Given this, how we develop and organise Australia’s cyber security skills is a crucial part of building Australia’s cyber resilience. We can learn from the ways other countries have already confronted this challenge.
In 2007, in the Estonian capital of Tallinn, a decision was made to relocate a Soviet World War II statue from a city square to a military graveyard. Moscow issued dark but unspecified threats if the statue was moved. But moved it was.
Then, in what became a global watershed, Estonia was subject to a massive cyber attack. It lasted 22 days, and large swathes of the Internet were inaccessible to Estonians. Government websites crashed, so too the sites for online newspapers. Estonians couldn’t access bank accounts. It was a national shock and one that the Estonian government learnt from.

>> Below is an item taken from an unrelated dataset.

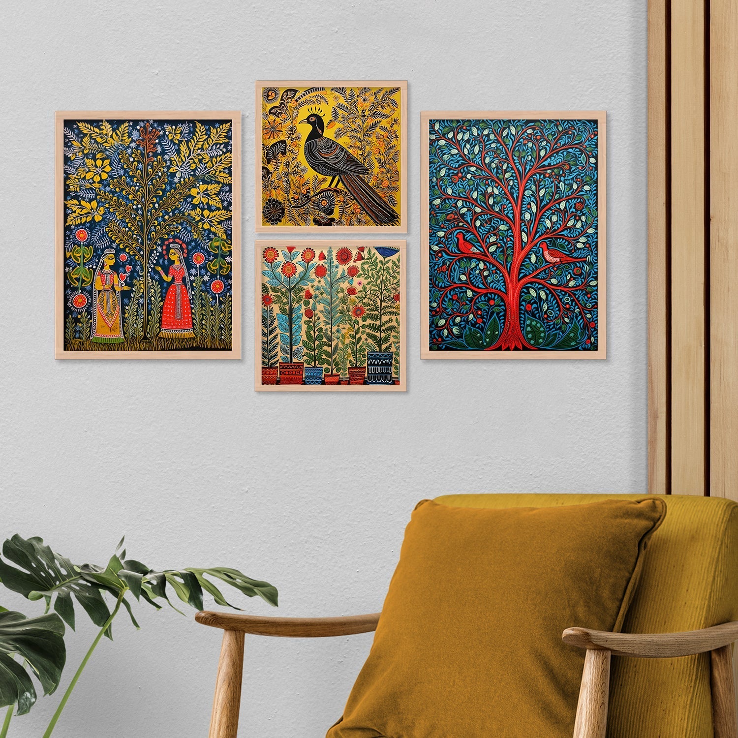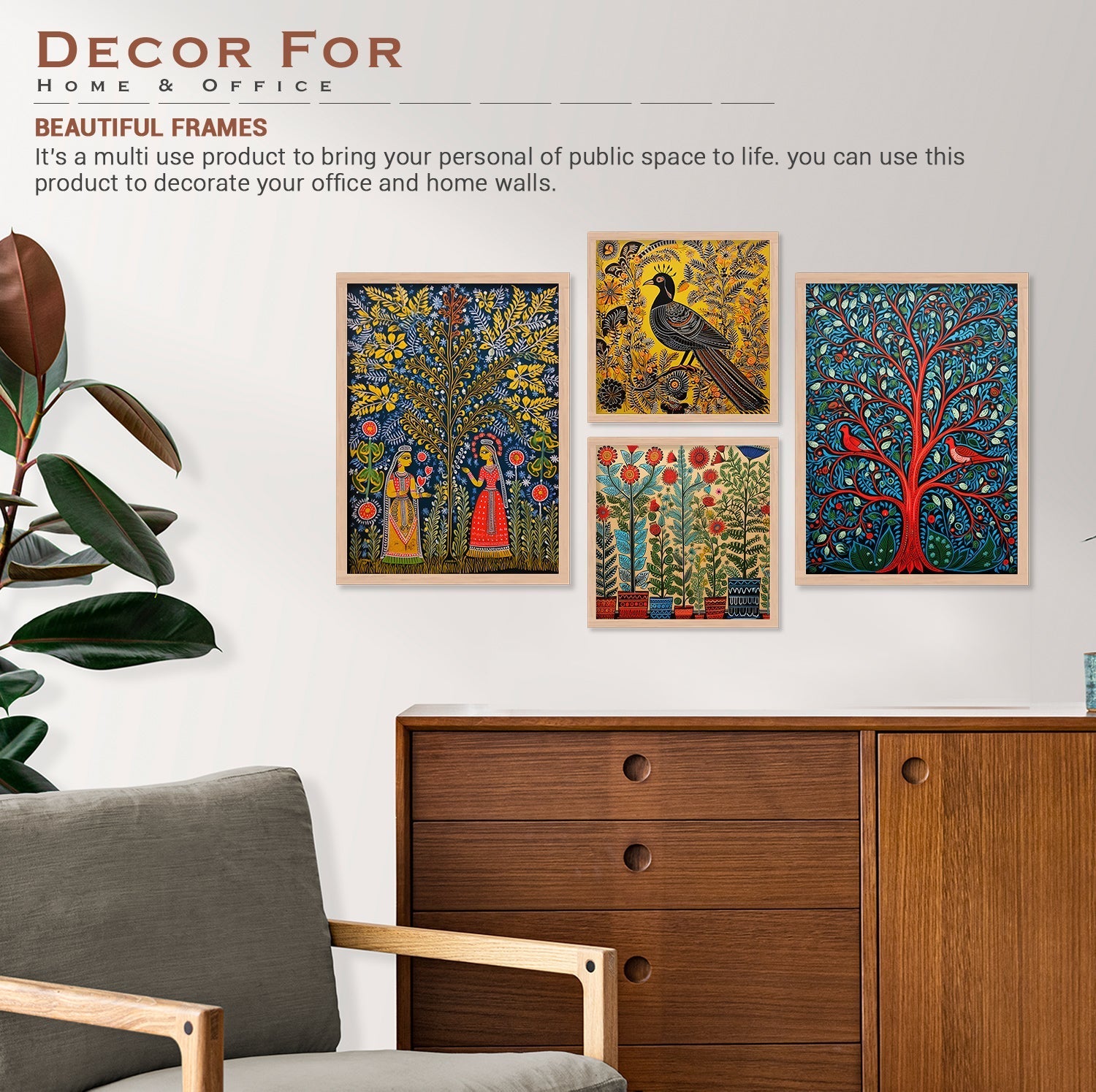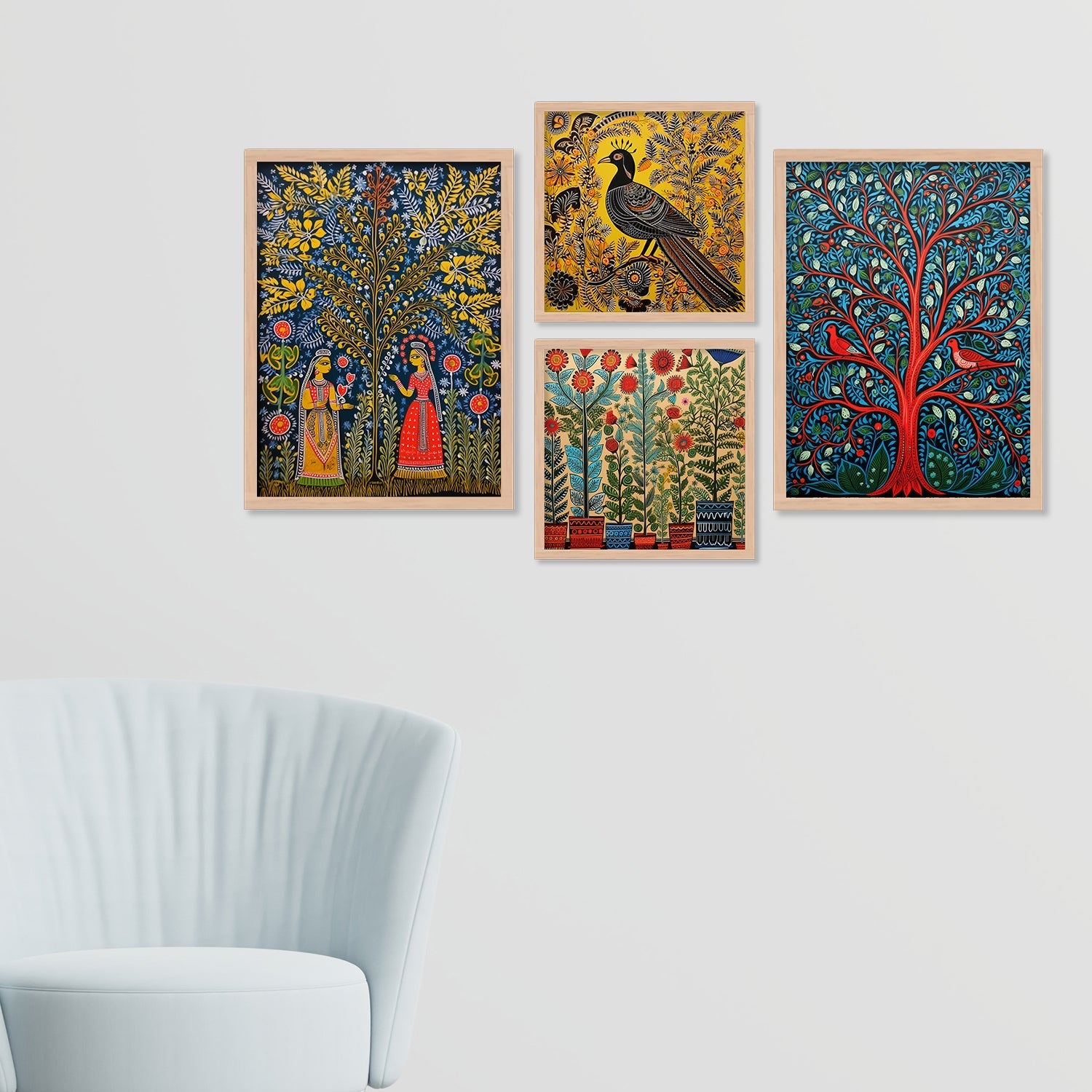 Vibrant Village Fair Madhubani Framed Wall Painting

Estonia responded in a variety of ways, and has been a world leader in imaginative cyber security policy ever since. For one, it established the volunteer-based Cyber Defence Unit. While attached to its para-military organisation, the Estonian Defence League, it emphasises broad national resilience and public education.
Their Cyber Defence Unit runs courses in schools, conducts simulation exercises in government and educates policy-makers – as well as providing an emergency response capacity.

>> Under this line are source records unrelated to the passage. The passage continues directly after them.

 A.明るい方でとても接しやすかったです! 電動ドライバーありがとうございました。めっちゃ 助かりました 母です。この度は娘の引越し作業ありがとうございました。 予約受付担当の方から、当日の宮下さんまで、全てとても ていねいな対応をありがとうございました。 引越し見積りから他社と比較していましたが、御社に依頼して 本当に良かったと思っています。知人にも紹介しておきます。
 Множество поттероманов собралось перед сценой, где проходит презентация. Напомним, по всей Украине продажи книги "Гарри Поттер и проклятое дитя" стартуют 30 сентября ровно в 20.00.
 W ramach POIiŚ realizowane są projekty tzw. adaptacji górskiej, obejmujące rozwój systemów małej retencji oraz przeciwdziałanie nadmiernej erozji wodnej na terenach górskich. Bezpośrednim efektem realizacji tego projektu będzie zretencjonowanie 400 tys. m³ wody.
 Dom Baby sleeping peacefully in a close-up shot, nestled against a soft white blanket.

Determining the best model for Australian circumstances would require thoughtful consideration. There have been a number of different models for Civilian Cyber Corps and Cyber Reserve forces proposed in Australia over recent years.
One has even been implemented – the Australian Defence Forces currently operates a Cyber Reserve that at last count had recruited 77 cyber reservists for 110 allocated positions. It’s a start, but to deliver the kind of capability needed genuinely deepen Australia’s national cyber resilience, we will need to think bigger in the future.
We are obviously experiencing a great crisis and an historic moment. Less obvious is how well we can reconsider our vulnerabilities in the shadow of the pandemic. Estonia didn’t squander their crisis of 2007, and neither should we squander this opportunity to strengthen our national resilience, or to reimagine our future.
Tim Watts is the federal Labor member for Gellibrand.
Watts has worked in the IT and telecommunications sector for the better part of a decade, as a senior manager at Telstra and a solicitor at Mallesons Stephen Jaques. He has a Bachelor of Laws (Hons) from Bond University, Master of Public Policy from Monash University and Master of Politics and Communication from the London School of Economics.